● **RECORDED INFORMATION**:

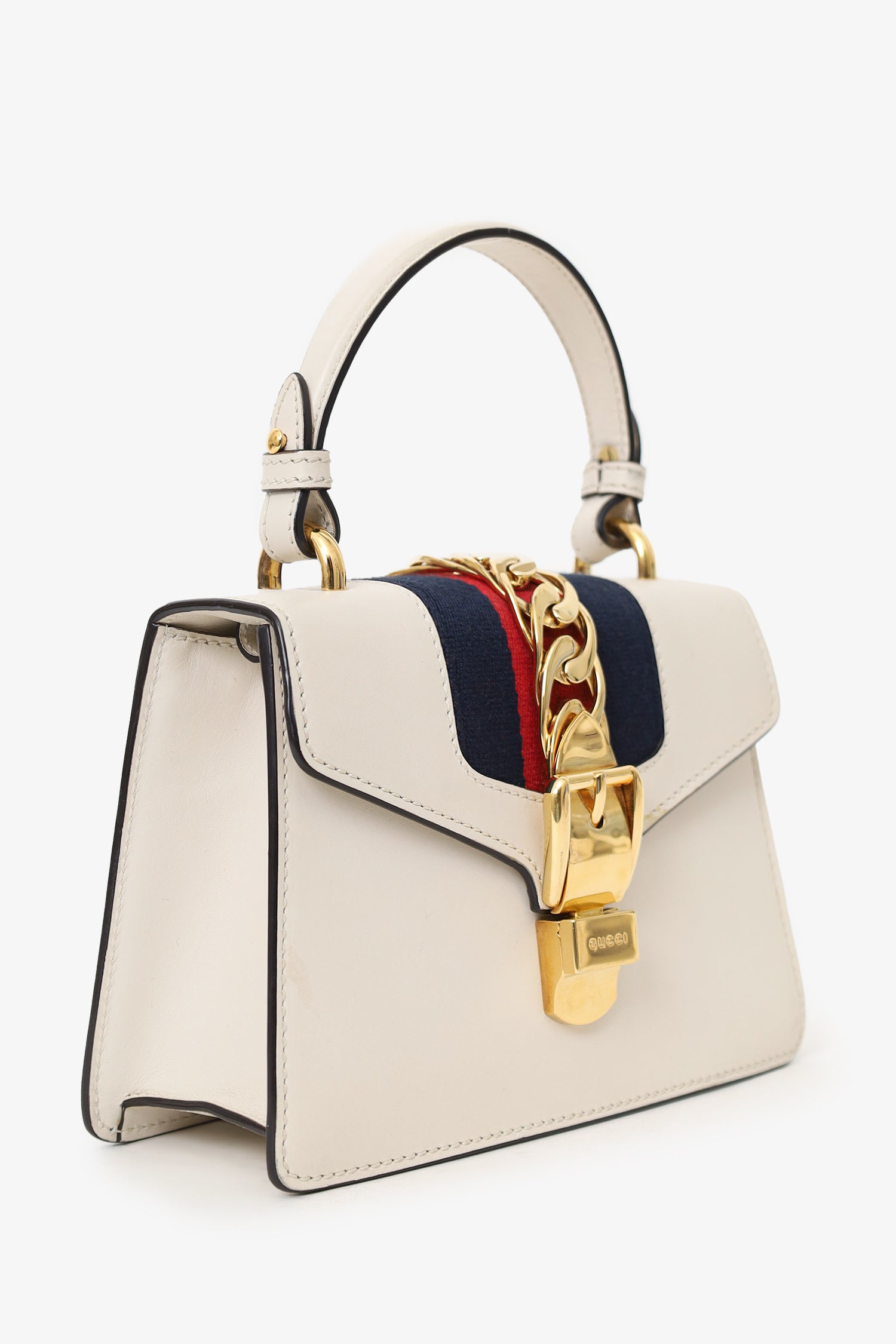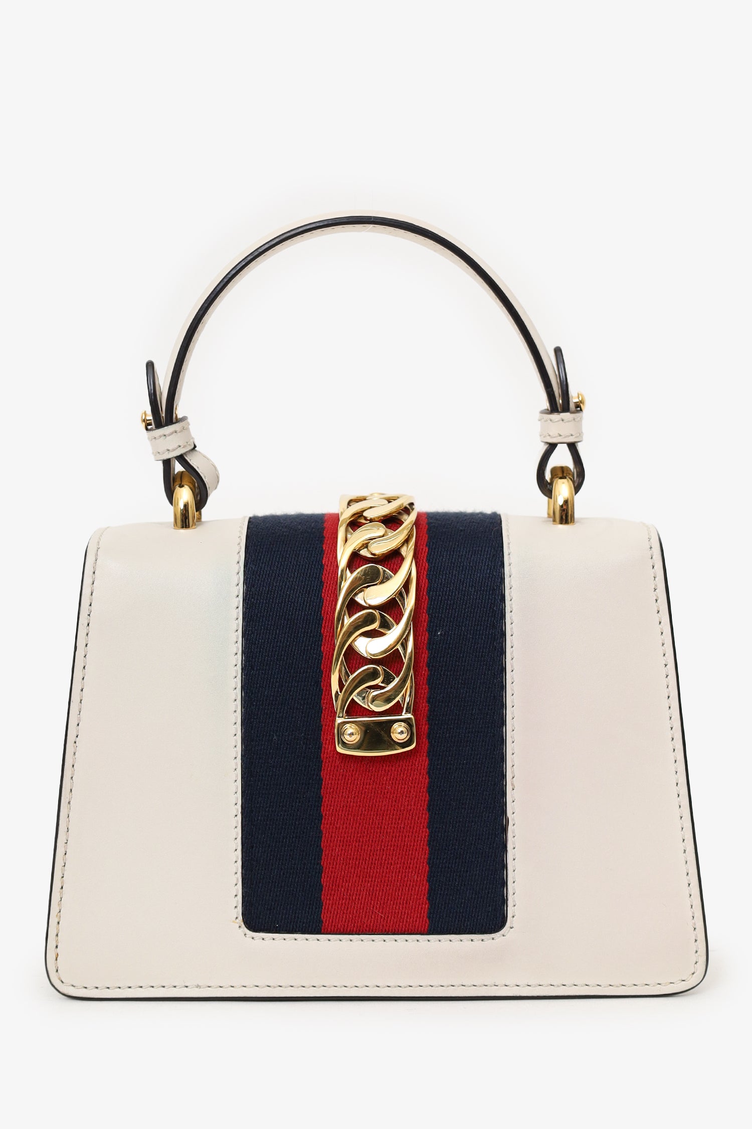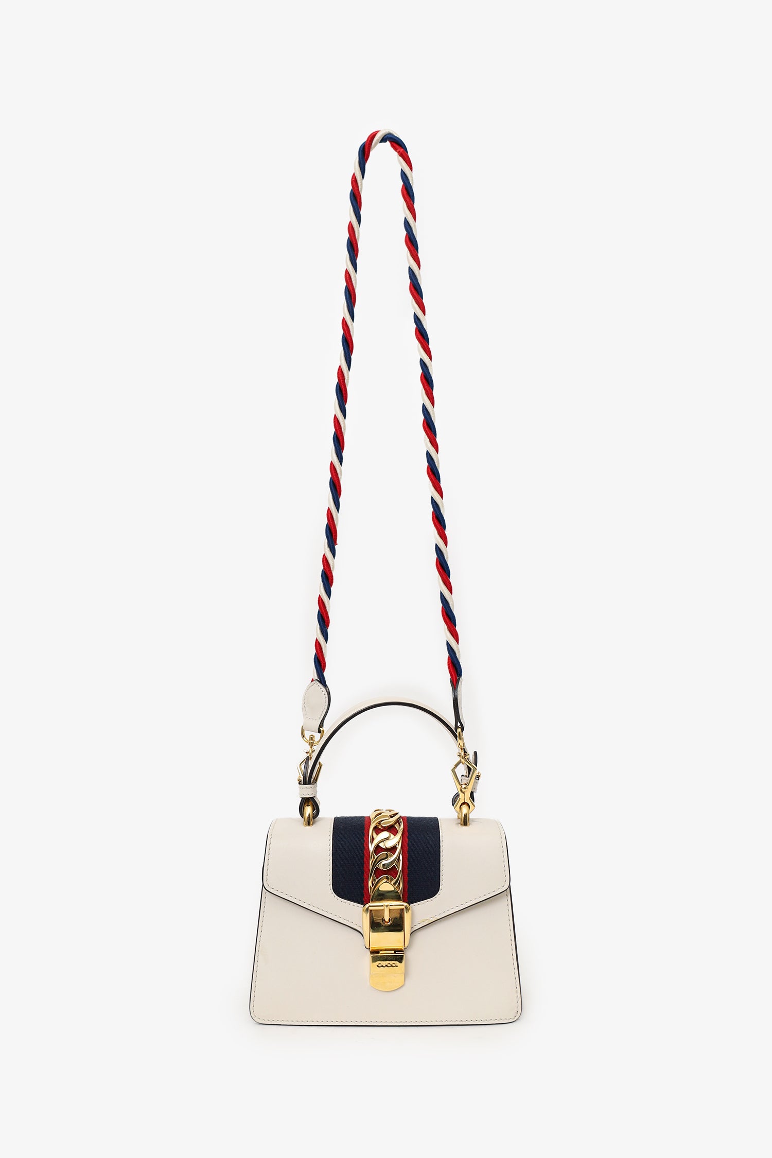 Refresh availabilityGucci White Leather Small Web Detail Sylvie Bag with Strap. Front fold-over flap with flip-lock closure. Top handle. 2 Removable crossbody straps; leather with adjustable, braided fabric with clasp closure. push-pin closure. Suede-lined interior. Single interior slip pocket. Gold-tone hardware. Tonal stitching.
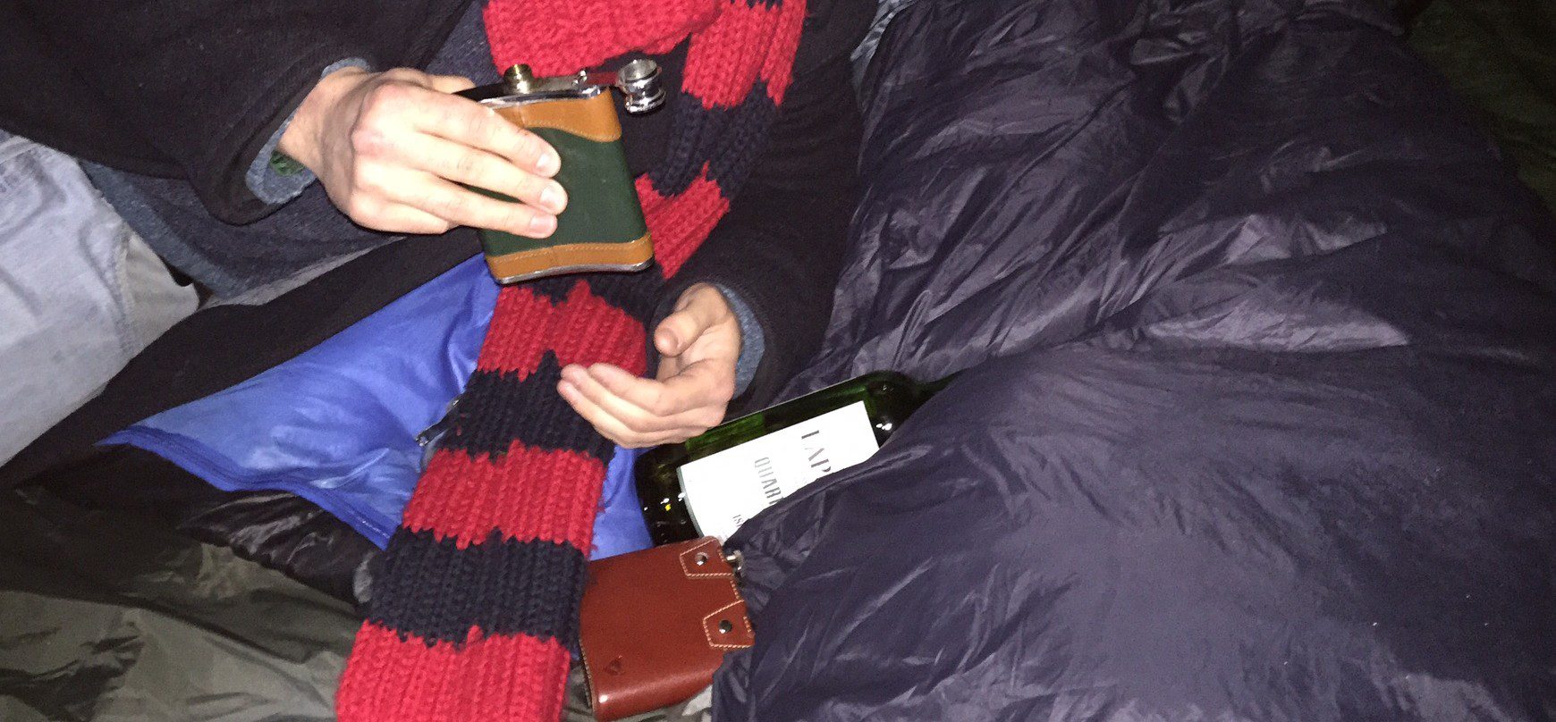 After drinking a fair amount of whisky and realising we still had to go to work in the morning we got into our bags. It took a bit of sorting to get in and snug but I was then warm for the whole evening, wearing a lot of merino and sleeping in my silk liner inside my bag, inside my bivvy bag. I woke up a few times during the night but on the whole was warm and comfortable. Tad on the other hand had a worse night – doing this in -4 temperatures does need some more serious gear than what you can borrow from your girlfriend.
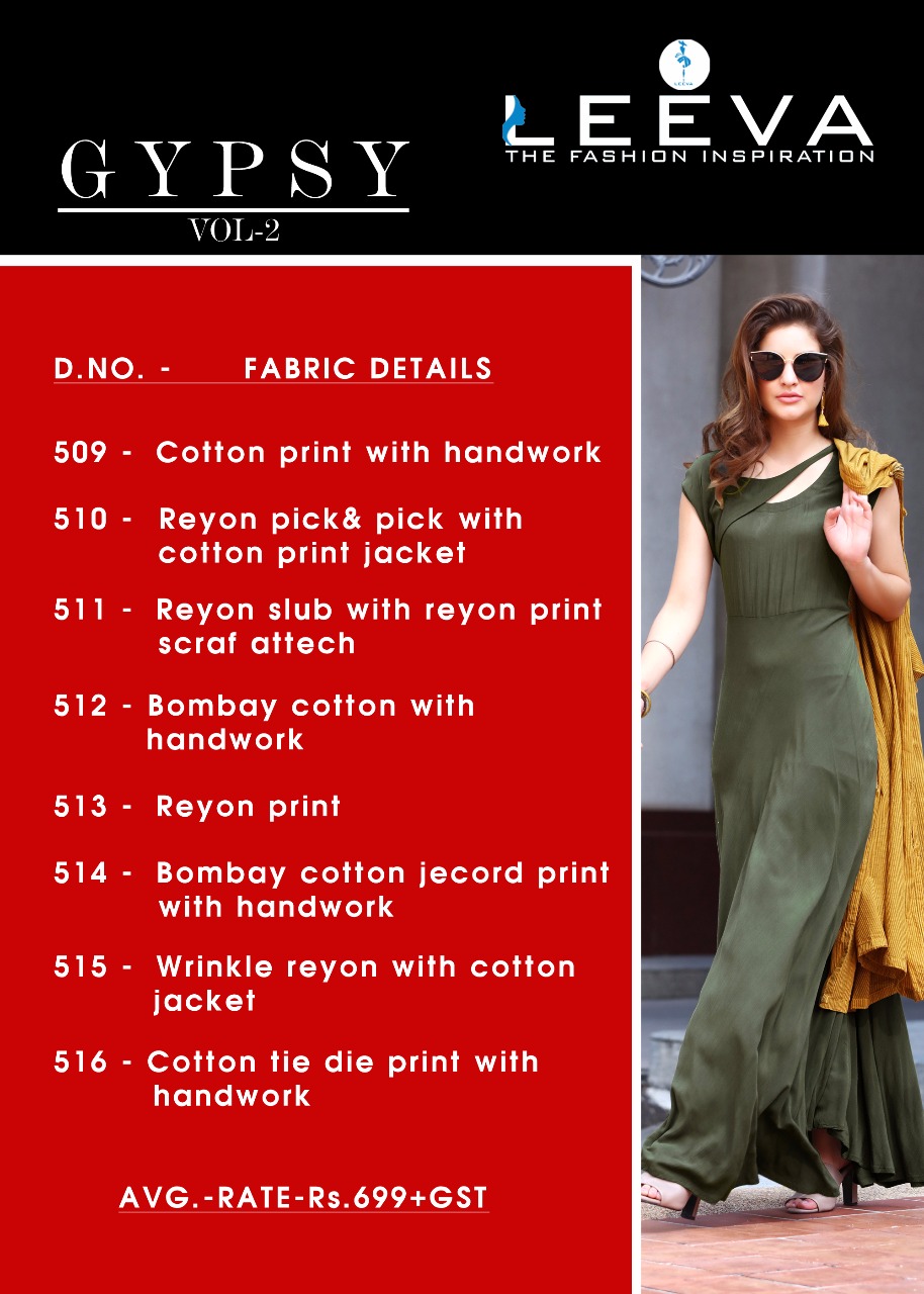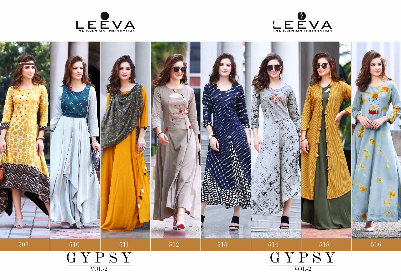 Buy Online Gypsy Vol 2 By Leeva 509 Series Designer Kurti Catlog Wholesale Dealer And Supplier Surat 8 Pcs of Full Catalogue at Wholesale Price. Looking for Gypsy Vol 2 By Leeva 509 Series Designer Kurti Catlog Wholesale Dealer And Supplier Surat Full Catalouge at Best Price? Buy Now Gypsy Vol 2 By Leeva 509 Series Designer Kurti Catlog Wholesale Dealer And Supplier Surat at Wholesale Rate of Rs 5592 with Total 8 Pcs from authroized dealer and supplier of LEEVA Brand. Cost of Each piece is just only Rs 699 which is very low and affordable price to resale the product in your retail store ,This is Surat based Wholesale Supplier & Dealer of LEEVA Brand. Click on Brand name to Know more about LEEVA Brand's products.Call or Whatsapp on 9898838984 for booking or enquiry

● **ABOUT THIS EXERCISE**:
Every line of the listing is to be repeated exactly, and the pictures are to be dropped.

● **REPLY**:
 Refresh availabilityGucci White Leather Small Web Detail Sylvie Bag with Strap. Front fold-over flap with flip-lock closure. Top handle. 2 Removable crossbody straps; leather with adjustable, braided fabric with clasp closure. push-pin closure. Suede-lined interior. Single interior slip pocket. Gold-tone hardware. Tonal stitching.
 After drinking a fair amount of whisky and realising we still had to go to work in the morning we got into our bags. It took a bit of sorting to get in and snug but I was then warm for the whole evening, wearing a lot of merino and sleeping in my silk liner inside my bag, inside my bivvy bag. I woke up a few times during the night but on the whole was warm and comfortable. Tad on the other hand had a worse night – doing this in -4 temperatures does need some more serious gear than what you can borrow from your girlfriend.
 Buy Online Gypsy Vol 2 By Leeva 509 Series Designer Kurti Catlog Wholesale Dealer And Supplier Surat 8 Pcs of Full Catalogue at Wholesale Price. Looking for Gypsy Vol 2 By Leeva 509 Series Designer Kurti Catlog Wholesale Dealer And Supplier Surat Full Catalouge at Best Price? Buy Now Gypsy Vol 2 By Leeva 509 Series Designer Kurti Catlog Wholesale Dealer And Supplier Surat at Wholesale Rate of Rs 5592 with Total 8 Pcs from authroized dealer and supplier of LEEVA Brand. Cost of Each piece is just only Rs 699 which is very low and affordable price to resale the product in your retail store ,This is Surat based Wholesale Supplier & Dealer of LEEVA Brand. Click on Brand name to Know more about LEEVA Brand's products.Call or Whatsapp on 9898838984 for booking or enquiry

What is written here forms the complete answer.